▸ Record set
· · ·

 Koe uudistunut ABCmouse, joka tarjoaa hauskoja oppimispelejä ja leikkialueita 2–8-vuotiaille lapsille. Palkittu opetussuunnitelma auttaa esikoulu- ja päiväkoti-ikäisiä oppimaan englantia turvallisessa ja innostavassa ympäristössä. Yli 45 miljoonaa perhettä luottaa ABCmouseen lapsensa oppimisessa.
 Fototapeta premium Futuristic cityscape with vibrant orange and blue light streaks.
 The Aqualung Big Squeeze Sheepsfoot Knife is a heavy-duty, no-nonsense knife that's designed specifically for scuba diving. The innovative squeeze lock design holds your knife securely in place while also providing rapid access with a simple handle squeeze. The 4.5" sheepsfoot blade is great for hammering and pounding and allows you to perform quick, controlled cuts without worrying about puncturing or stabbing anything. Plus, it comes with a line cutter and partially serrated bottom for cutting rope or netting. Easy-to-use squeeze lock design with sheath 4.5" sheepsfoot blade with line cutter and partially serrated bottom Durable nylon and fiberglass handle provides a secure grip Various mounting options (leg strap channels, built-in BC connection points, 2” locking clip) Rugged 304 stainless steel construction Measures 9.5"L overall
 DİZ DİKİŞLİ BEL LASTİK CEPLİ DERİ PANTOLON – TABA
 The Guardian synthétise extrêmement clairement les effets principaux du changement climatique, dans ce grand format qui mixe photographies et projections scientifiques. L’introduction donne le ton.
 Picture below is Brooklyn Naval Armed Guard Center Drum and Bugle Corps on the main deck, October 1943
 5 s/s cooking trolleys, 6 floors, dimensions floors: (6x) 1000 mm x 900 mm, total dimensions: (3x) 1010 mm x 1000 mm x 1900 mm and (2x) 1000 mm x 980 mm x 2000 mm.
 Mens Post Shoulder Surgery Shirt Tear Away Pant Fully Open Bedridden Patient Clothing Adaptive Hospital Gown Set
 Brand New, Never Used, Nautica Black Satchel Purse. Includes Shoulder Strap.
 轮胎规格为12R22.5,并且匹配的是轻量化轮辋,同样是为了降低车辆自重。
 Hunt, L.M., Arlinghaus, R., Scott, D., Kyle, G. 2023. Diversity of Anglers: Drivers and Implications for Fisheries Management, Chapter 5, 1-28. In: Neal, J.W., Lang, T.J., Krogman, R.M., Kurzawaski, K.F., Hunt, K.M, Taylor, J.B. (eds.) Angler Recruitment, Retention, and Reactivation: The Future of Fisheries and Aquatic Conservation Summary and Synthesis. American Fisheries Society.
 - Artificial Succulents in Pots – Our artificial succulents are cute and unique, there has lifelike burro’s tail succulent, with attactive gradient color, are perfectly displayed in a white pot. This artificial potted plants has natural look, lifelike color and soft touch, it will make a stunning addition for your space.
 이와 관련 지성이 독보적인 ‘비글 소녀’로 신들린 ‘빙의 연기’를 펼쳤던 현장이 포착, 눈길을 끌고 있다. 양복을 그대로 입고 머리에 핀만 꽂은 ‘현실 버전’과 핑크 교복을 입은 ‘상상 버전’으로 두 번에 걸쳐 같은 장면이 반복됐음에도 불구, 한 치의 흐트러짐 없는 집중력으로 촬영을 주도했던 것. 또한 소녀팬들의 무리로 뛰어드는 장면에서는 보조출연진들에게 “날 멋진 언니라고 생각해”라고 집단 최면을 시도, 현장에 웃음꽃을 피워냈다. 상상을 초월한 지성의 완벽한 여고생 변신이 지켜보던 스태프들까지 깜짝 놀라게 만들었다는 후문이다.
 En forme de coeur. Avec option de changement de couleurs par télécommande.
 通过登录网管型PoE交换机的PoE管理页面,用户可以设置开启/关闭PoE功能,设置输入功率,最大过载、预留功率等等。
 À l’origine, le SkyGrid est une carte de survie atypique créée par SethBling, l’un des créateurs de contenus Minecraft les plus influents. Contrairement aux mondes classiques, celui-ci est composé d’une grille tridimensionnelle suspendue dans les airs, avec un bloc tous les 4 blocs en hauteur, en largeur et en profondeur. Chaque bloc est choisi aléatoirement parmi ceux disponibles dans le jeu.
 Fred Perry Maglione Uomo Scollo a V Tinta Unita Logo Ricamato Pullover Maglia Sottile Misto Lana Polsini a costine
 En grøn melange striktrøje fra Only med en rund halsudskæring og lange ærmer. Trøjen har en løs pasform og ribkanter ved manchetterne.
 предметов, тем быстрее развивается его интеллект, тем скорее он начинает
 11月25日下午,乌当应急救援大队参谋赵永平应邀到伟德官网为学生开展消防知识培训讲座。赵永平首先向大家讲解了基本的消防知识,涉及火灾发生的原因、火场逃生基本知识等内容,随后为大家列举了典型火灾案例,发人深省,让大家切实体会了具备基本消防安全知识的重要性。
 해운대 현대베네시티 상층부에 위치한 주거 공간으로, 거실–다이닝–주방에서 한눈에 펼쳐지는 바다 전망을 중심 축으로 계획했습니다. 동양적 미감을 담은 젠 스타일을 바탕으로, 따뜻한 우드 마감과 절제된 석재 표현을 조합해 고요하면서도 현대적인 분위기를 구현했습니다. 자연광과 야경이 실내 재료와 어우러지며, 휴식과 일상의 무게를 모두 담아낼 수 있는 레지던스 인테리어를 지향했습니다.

· · ·

▸ Your instructions
In the listing above, find the line containing "Mens Post Shoulder" and the line containing "À l’origine, le", then quote both, plus every line between them, exactly as written.

▸ Answer to the exercise
 Mens Post Shoulder Surgery Shirt Tear Away Pant Fully Open Bedridden Patient Clothing Adaptive Hospital Gown Set
 Brand New, Never Used, Nautica Black Satchel Purse. Includes Shoulder Strap.
 轮胎规格为12R22.5,并且匹配的是轻量化轮辋,同样是为了降低车辆自重。
 Hunt, L.M., Arlinghaus, R., Scott, D., Kyle, G. 2023. Diversity of Anglers: Drivers and Implications for Fisheries Management, Chapter 5, 1-28. In: Neal, J.W., Lang, T.J., Krogman, R.M., Kurzawaski, K.F., Hunt, K.M, Taylor, J.B. (eds.) Angler Recruitment, Retention, and Reactivation: The Future of Fisheries and Aquatic Conservation Summary and Synthesis. American Fisheries Society.
 - Artificial Succulents in Pots – Our artificial succulents are cute and unique, there has lifelike burro’s tail succulent, with attactive gradient color, are perfectly displayed in a white pot. This artificial potted plants has natural look, lifelike color and soft touch, it will make a stunning addition for your space.
 이와 관련 지성이 독보적인 ‘비글 소녀’로 신들린 ‘빙의 연기’를 펼쳤던 현장이 포착, 눈길을 끌고 있다. 양복을 그대로 입고 머리에 핀만 꽂은 ‘현실 버전’과 핑크 교복을 입은 ‘상상 버전’으로 두 번에 걸쳐 같은 장면이 반복됐음에도 불구, 한 치의 흐트러짐 없는 집중력으로 촬영을 주도했던 것. 또한 소녀팬들의 무리로 뛰어드는 장면에서는 보조출연진들에게 “날 멋진 언니라고 생각해”라고 집단 최면을 시도, 현장에 웃음꽃을 피워냈다. 상상을 초월한 지성의 완벽한 여고생 변신이 지켜보던 스태프들까지 깜짝 놀라게 만들었다는 후문이다.
 En forme de coeur. Avec option de changement de couleurs par télécommande.
 通过登录网管型PoE交换机的PoE管理页面,用户可以设置开启/关闭PoE功能,设置输入功率,最大过载、预留功率等等。
 À l’origine, le SkyGrid est une carte de survie atypique créée par SethBling, l’un des créateurs de contenus Minecraft les plus influents. Contrairement aux mondes classiques, celui-ci est composé d’une grille tridimensionnelle suspendue dans les airs, avec un bloc tous les 4 blocs en hauteur, en largeur et en profondeur. Chaque bloc est choisi aléatoirement parmi ceux disponibles dans le jeu.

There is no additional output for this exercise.